Introduction

This vignette discusses the basics of using Difference-in-Differences (DiD) designs to identify and estimate the average effect of participating in a treatment with a particular focus on tools from the csdid package. The background article for it is Callaway and Sant’Anna (2021), “Difference-in-Differences with Multiple Time Periods”.

The csdid package allows for multiple periods and variation in treatment timing
The csdid package allows the parallel trends assumption to hold conditional on covariates
Treatment effect estimates coming from the csdid package do not suffer from any of the drawbacks associated with two-way fixed effects regressions or event study regressions when there are multiple periods / variation in treatment timing
The csdid package can deliver disaggregated group-time average treatment effects as well as event-study type estimates (treatment effects parameters corresponding to different lengths of exposure to the treatment) and overall treatment effect estimates.

Examples with simulated data

Let’s start with a really simple example with simulated data. Here, there are going to be 4 time periods. There are 4000 units in the treated group that are randomly (with equal probability) assigned to first participate in the treatment (a group) in each time period. And there are 4000 ``never treated’’ units. The data generating process for untreated potential outcomes

\[Y_{it}(0) = \theta_t + \eta_i + X_i'\beta_t + v_{it}\]

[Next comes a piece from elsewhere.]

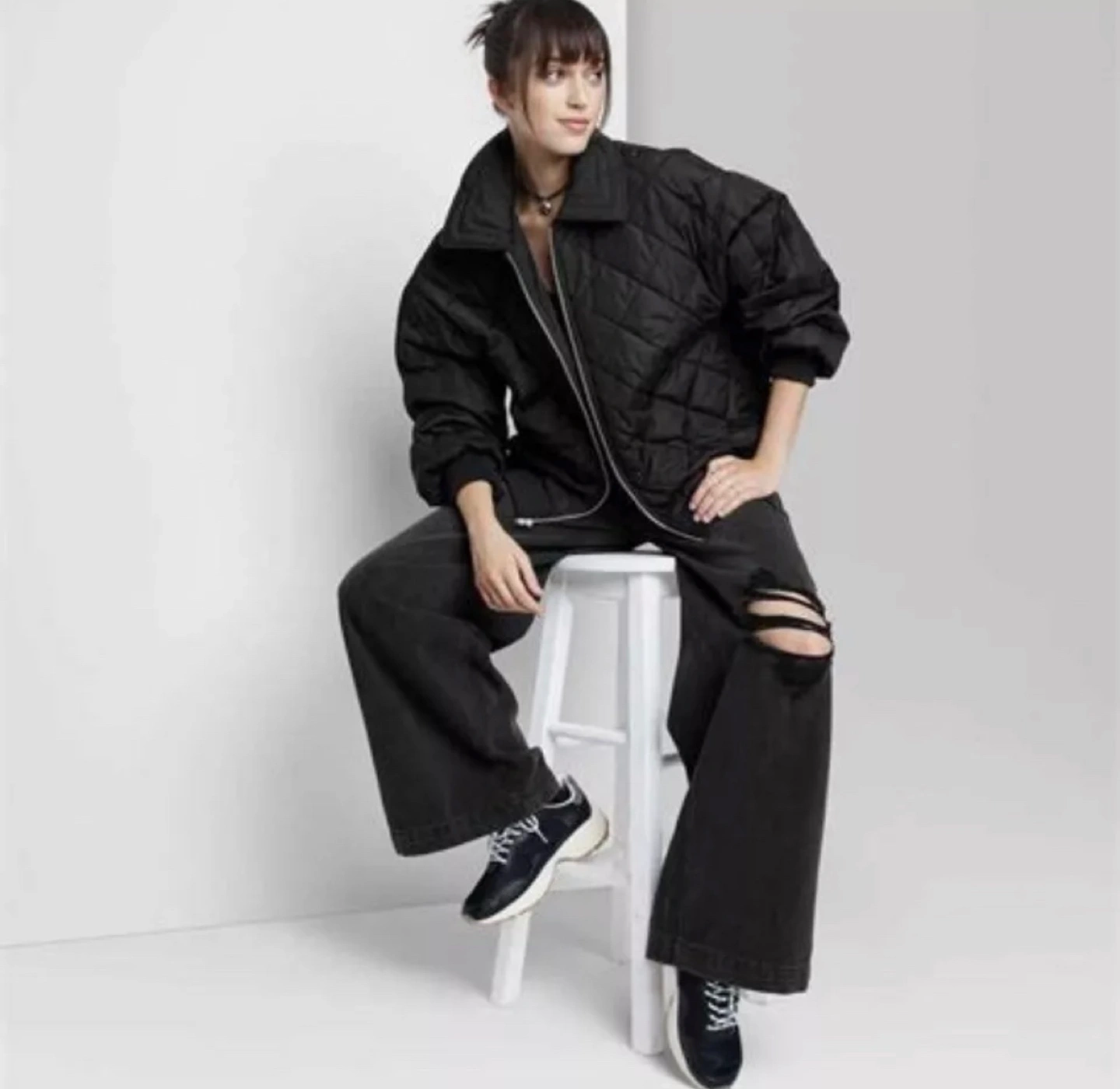 Brand new with tags Pickup Brampton or downtown Toronto Meant to be worn Oversized, check measurements on pictures Written as size small, can fit a medium too Description: Bomber jacket from Wild Fable™ with a diamond-stitch quilted construction. Fashioned in a neutral hue with a collared front and full-length zipper fastening. Features ribbed trim on the sleeve wrists and hemline. Designed with two functional pockets on the sides and a casual-fit silhouette that hits at the waist. Wild Fable™: A look for every story. Material: Polyester.

This is an example of a very simple model for untreated potential outcomes that is compatible with a conditional parallel trends assumption. In particular,

We consider the case where \(\eta_i\) can be distributed differently across groups. This means that comparisons of outcomes in levels between treated and untreated units will not deliver an average treatment effect parameter.
Next, notice that

\[\Delta Y_{it}(0) = (\theta_t - \theta_{t-1}) + X_i'(\beta_t - \beta_{t-1}) + \Delta v_{it}\]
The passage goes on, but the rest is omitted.